Лев Гудков – Возвратный тоталитаризм. Том 1 (страница 46)
Раздел 2
Институциональные и культурные ресурсы регенерации репрессивного социального порядка
«Доверие» в России: смысл, функции, структура[158]
Предварительные замечания. Явное исчерпание больших идей в современной социологии, связанное с концом модернизационной парадигмы и завершением институциональной трансформации в западных (национальных) обществах, заставляет думать уже не о внутридисциплинарном кризисе, а о переходе социологии в разряд социально-прикладных разработок, то есть о ее приближении к состоянию, которое можно считать конечной стадией всякой (классической) науки. Социология здесь не уникальное явление. Еще раньше, задолго до социологии, говорили о кризисе европейской философии, культуры, искусства, религии. Конец модерна как завершение эпохи Просвещения или большого европейского проекта Культуры сопровождался множественными явлениями распада больших онтологических конструкций и идей единства универсума, истории, общности человеческой природы, законов социального развития, а соответственно, и падением интереса к большим теориям общества, социальных систем и т. п. Критики говорят о самоедстве и культурном мазохизме современного общества, об эрозии тех ценностных оснований (веры в исторический прогресс), на которых строился современный социальный порядок и социальное знание.
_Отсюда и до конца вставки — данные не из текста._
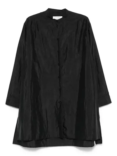black front button fastening buttoned-cuff sleeves side slits band collar

Появление мощных супербюрократий, вроде Европейского союза, транснациональных корпораций, международных организаций и других оказало заметное унифицирующее влияние на национальные социальные и правовые практики и локальные культуры. Политика как сфера проявления харизматических фигур, предложения великих национальных идей или воодушевляющих массы целей общественного развития постепенно все сильнее и сильнее ограничивалась парламентской регламентацией, стерилизовалась практикой бюрократического администрирования, подчиняясь долгосрочному социальному планированию, экспертизе специалистов, массмедиальным технологиям. Повседневная жизнь в современных обществах стала более упорядоченной, обеспеченной, безопасной, комфортной, предсказуемой и скучной, чем в первой половине XX века, если судить по доминирующему тону в современном искусстве и литературе, озабоченных неясностью или дефицитом экзистенциальных ценностей.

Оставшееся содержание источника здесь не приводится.